Monitoring is an integral part of any on-premise or off-premise IT setup. Whether it’s for monitoring performance of the applications or for checking the availability of infrastructure and services, monitoring is a critical part of today’s IT directly impacting the bottom line results.
Quite often, your monitoring stack might be born as a result of your application stack and the application hosting infrastructure. It’ll evolve over a time as new requirement comes in and application stack undergoes changes. Different application stacks can result in different monitoring stacks, eventually leading to ‘monitoring sprawl’. Choosing the right monitoring solution for your IT infrastructure is critical to the success of the business, and directly affects the bottom line. Rise of microservices, as well as today’s complex and dynamic environments due to containerization and virtualization, have made monitoring more crucial than ever.

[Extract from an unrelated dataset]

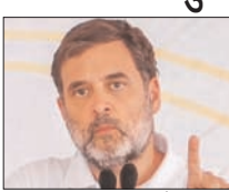
महिलाएं, मजदूर और छोटे व्यापारी सब रो रहे हैं, प्रधानमंत्री हंसते हुए रील बना रहे हैं तथा भाजपा वाले ताली बजा रहे हैं। यह नेतृत्व नहीं, नौटंकी है।

नई दिल्ली। कांग्रेस नेता राहुल गांधी ने प्रधानमंत्री नरेंद्र मोदी के इटली दौरे को लेकर उन पर जमकर निशाना साधा और कहा कि देश आर्थिक चुनौतियों से जूझ रहा है, वहीं श्री मोदी विदेश में टॉफी बांटने और रील बनाने में व्यस्त हैं।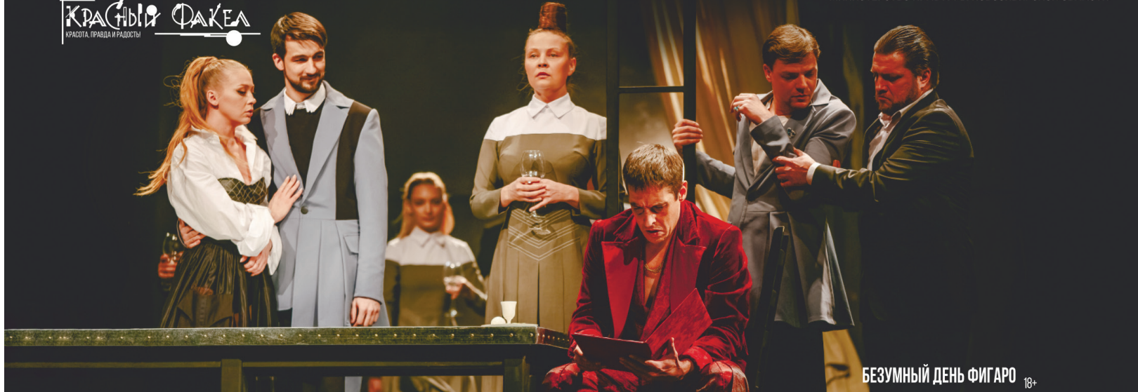
БЕЗУМНЫЙ ДЕНЬ ФИГАРО 18+

A well researched and planned monitoring solution results in improved ROI by way of reduced downtime, reduced MTTR, improved SLAs and increased productivity of IT staff. Let’s look at some of the key considerations to take into account when deciding on a monitoring solution.

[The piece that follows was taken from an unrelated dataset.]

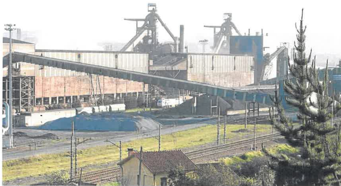
Los hornos altos de la factoría de ArcelorMittal en Gijón, cuya actividad pierde competitividad.

En realidad, esta situación ya se está adelantando. Con el incremento del precio de los derechos de CO2 —en la actualidad cotiza a 23,78 euros la tonelada, cuando la media de 2017 fue de 5,83 euros y la de 2018 de 15,88— ya hay parte de la producción que no interesa hacerla aquí. La multinacional cifra en 1,75 toneladas de CO2 las necesarias en Asturias para producir una tonelada de acero, lo que

- Problems : It’s very important to have clarity on the problems that you are trying to solve using monitoring. Is it to tackle application performance issues or application availability issues, to get an idea of the existing infrastructure and its availability, or is it for monitoring compliance and so on? First define the basic functionalities you will need from your monitoring solution.
- Users : The kind of metrics you want to measure, in addition to the necessary granularity, visualization and subsequent analysis of this data is closely tied to the actual users of the monitoring solution. For example, developers might need monitoring data specific to their applications, whereas operators might need data related to capacity utilization, availability, security etc. Similarly, one set of users might want to see only the application failures, whereas another set of users might be interested in only the server hardware failures.
- Metrics : Once you have identified the users and key issues to be addressed by the monitoring solution, the next step is to identify the actual metrics needed, in addition to the granularity at which the this data must be available, and the aggregation and correlation that will be required. Granularity, aggregation and correlation for the same metric might vary depending on the intended users. For example, a developer might be interested in real-time CPU utilization for a specific application, whereas a person involved in sizing the infrastructure for that application might be just interested in the average monthly CPU utilization. Consequently the monitoring tool should be able to handle these varied requirements.
- Implementation: Here are few thoughts to keep in mind when reviewing and selecting your monitoring tools from implementation point of view: What is the overall acquisition cost of the solution? How will it integrate with any existing tools? Do you plan to integrate with collaboration platforms like Jira, Slack etc.? How easy or difficult are the tools to learn, and are the necessary skills available in the market? Could your selection potentially result in vendor lock-in? Is the tool based on open-standards? How will you scale the solution?
Finally, consider from the outset how your various monitoring tools will work in tandem, in addition to how you will manage and route alerts. Without a proactive plan in place, alerts from multiple monitoring sources can quickly escalate from annoying to chaotic. Some of the popular monitoring tools today are also the noisiest, which can result in unintended consequences like false alarms, ignoring critical data etc. Consider alert correlation to not only help you alleviate the noise without losing visibility, but also to garner powerful insights by harnessing data from multiple monitoring sources. Take Nagios, for example: The popular monitoring tool demonstrated an average compression ratio of over 97% when raw alerts were correlated to common, related incidents.
Hopefully this gives you an idea of the research and planning that should go into deploying a monitoring solution, as well as some of the questions that you should ask potential vendors. Remember: in order to successfully scale your solution and avoid unforeseen chaos down the road, it is critical to develop a comprehensive monitoring strategy in tandem with selecting your tools. Understanding how each tool in your stack will work in harmony with each other, in addition to how alerts will be managed, analyzed, and routed, will have significant impact on your MTTR and the root-cause identification of critical issues.